The observations were reported in the Federal Reserve’s Beige Book, a summary of the nation’s current economic conditions based on information collected on or before Nov. 20.
The report, released Dec. 2, summarizes comments received from bank directors, businesses, community contacts, economists, market experts and other sources.
Here’s what the survey said about the agricultural climate across the Corn Belt.
“Farm income beat expectations for the growing season, as prices for key agricultural commodities moved higher and government support continued. Corn, soybean and wheat prices were up again, reflecting tighter stocks and increased exports,” it was reported by the Seventh Federal Reserve District of Chicago.
The district saw above-trend corn and soybean yields. Most specialty crops had solid yields, as well. Favorable weather conditions allowed farmers to complete field work that had been skipped in prior years because of poor weather.
“Dairy prices were mixed, but up on net. Hog and cattle producers also benefited from higher overall prices, but expressed concern about rising feed costs,” the summary for the Chicago district noted.
The district includes the northern two-thirds of Illinois and Indiana and all of Iowa, Wisconsin and Michigan.
St. Louis
Agricultural condition optimism continued in the Eighth Federal Reserve District of St. Louis survey.

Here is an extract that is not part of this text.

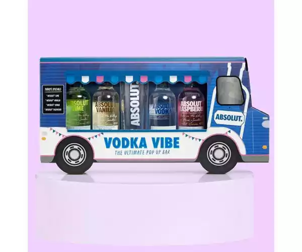Please drink responsible: https://www.drinkaware.co.uk/:Includes Absolut Original, Absolut Raspberri, Absolut Lime, Absolut Vanilia and Absolut shot glass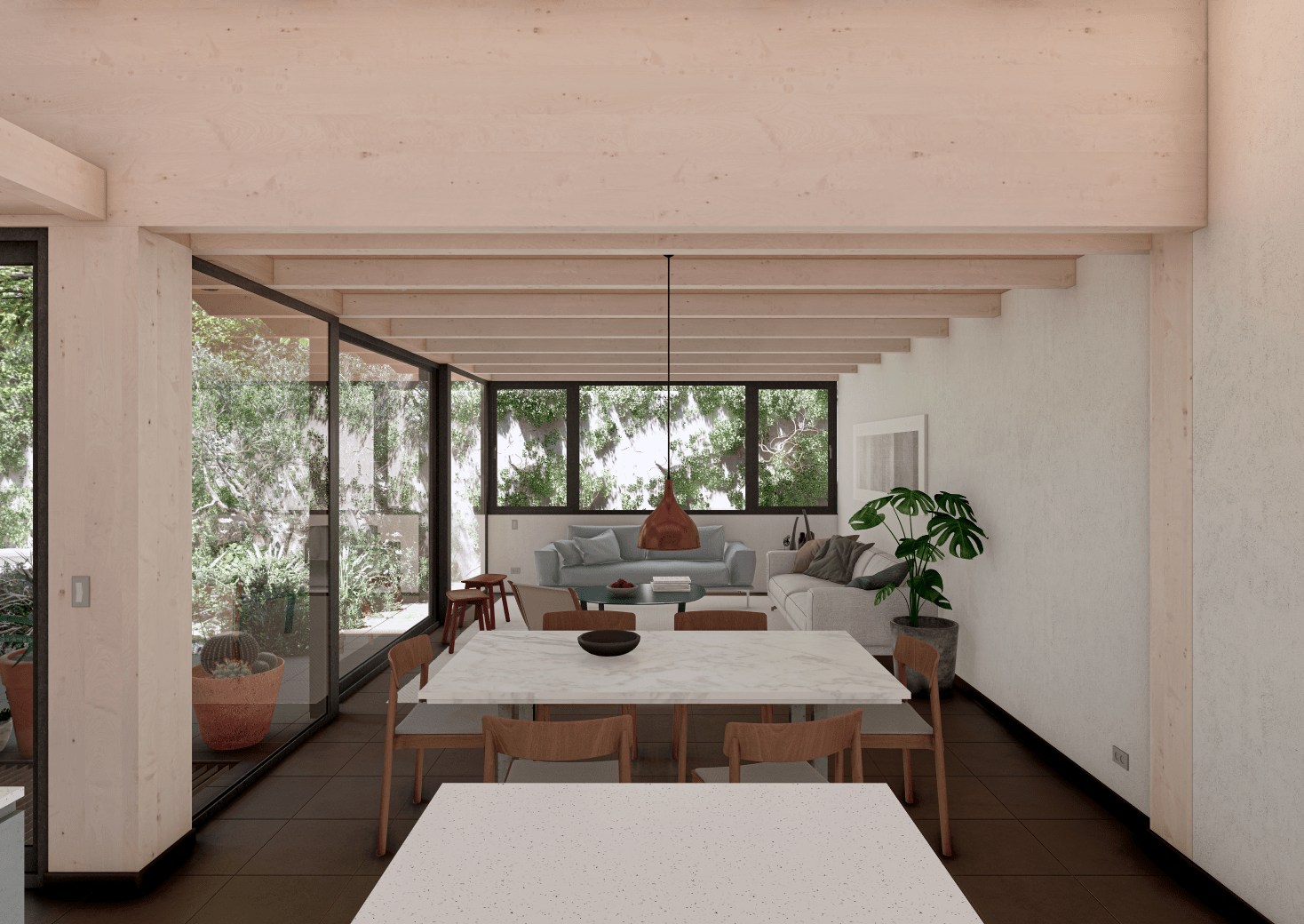 Resolver esa contradicción requirió un trabajo minucioso de diseño y ensayo. El equipo debió encontrar la manera de mantener la continuidad estructural, pero al mismo tiempo interrumpirla para las barreras de humedad, vapor y sonido. Esa búsqueda implicó meses de desarrollo y pruebas, con un alto nivel de iteración en las juntas y un cuidado extremo en los encuentros entre elementos.

“Production levels for corn, rice and soybeans are expected to be significantly higher than in 2019, while cotton production is expected to see a moderate decline. District contacts expressed optimism, citing higher-than-expected yields due to excellent weather conditions and a strong rebound in prices,” the St. Louis district reported.
The district includes the southern parts of Illinois and Indiana and eastern half of Missouri, as well as parts of Tennessee, Arkansas, Kentucky and Mississippi.
Minneapolis
The agricultural outlook in the Federal Reserve District of Minneapolis remained positive.
“Agricultural conditions improved slightly due to solid harvests, recent increases in prices for some commodities and federal relief aid. Respondents to the Minneapolis Fed’s third quarter survey of agricultural credit conditions mostly reported unchanged farm income compared with a year earlier, while the outlook for the fourth quarter was for increasing farm incomes,” according to the survey summary.
The Minneapolis-based district includes all of Minnesota, the Dakotas and Montana, northwestern Wisconsin and all of Michigan’s Upper Peninsula.
Kansas City
The Federal Reserve District of Kansas City also saw moderate improvements in the farm economy due to increased commodity prices.
“Since early October, strengthening demand and downward revisions to production estimates led to sharp increases in corn and soybean prices and moderate increases in most other agricultural prices. Stronger profit opportunities than earlier in the year, in addition to substantial government payments to producers, supported farm sector finances. Although farm income generally remained low in aggregate, contacts reported lower rates of problem loans compared to a year ago,” according to the Kansas City district.
“District contacts continued to express concerns, however, about the potential for renewed pressure in the months ahead, depending on the path of agricultural commodity prices, government sup-port programs and drought in some parts of the region.”
The Kansas City district includes the western part of Missouri, Kansas, Nebraska, Oklahoma, Wyoming, Colorado and the northern New Mexico.